The researchers also compared hospital care across 22 states, revealing wide differences in average length of hospitalization (ranging from 2.7 days in Oregon to 4.0 days in New York) and proportion of hospital admissions through the emergency department (from 9 percent in Utah and Oregon to 23 percent in New York).

"There are large and unexplained differences in state-by-state utilization," said Marie McCormick, director of the center and lead author of the report. "Some are explained by historic and geographical differences such as reliance on large county hospitals. These differences beg for further analysis. The availability of the data should encourage more extensive study by people involved in children's care." The second in an annual series on children's access to health care, the report is published in the inaugural January/February issue of Ambulatory Pediatrics (www.ambpeds.org).

How Cells Get and Slip Their Grip While Circuiting the Body

Cells shooting through the vessels of the body face a mighty challenge when attempting to come to a stop. Not only must they form a bond with a molecule on the vessel substrate, they must maintain this bond if they are to remain stationary.

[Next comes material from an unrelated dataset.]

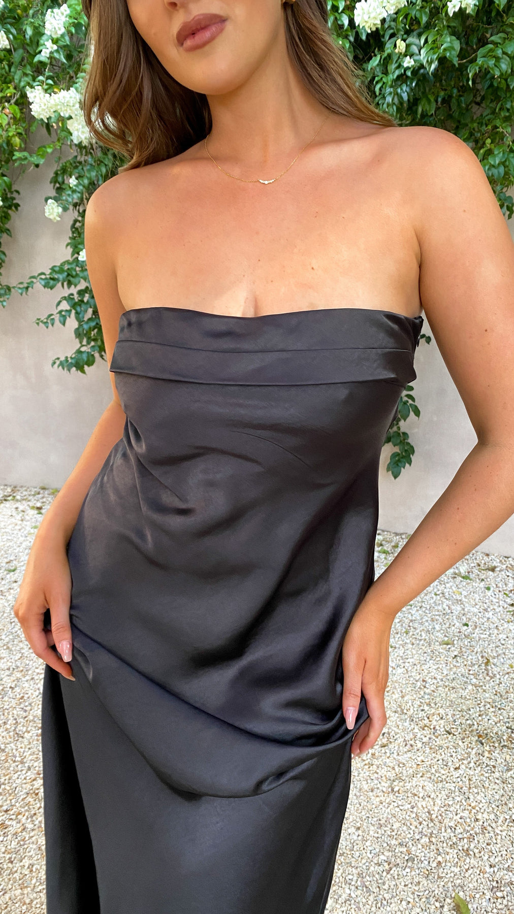 This dress will make you feel confident and irresistible and will showcase your personality and style. Made from satin, its comfort and freedom of movement are its main features. Additionally, its fitted cut and the elastic properties of its fabric ensure an exceptional fit, enhancing your figure and sculpting your silhouette.

"Cells experience large forces in the body which can break them away from their proper location. So they have to resist lots of force," said Timothy Springer, the Latham Family professor of pathology.

To see how force affects the rate at which receptor–ligand bonds dissociate, researchers have devised a variety of equations. But most of these had remained mere abstractions. "Nobody had a data set that was good enough to compare these theories to see which of five different equations fit the best," Springer said.

He and Shuqi Chen, HMS instructor in pathology, set about to remedy the situation. They sent neutrophils through a flow chamber lined with a P-selectin substrate and observed the duration of the bonds formed between the two. Then they correlated this information with the amount of force exerted in the chamber. Force was determined by the rate of flow and the viscosity of the buffer inside the flow chamber.

According to their results, which are presented in the Jan. 30 Proceedings of the National Academy of Sciences, a particular equation, the Bell model, best fits the data. In addition, by varying the two components of force—the rate of flow and viscosity—they uncovered an intriguing distinction. They found that while changing the rate of flow affected the rate at which bonds both form and dissociate, variations in viscosity affected only the rate at which bonds break.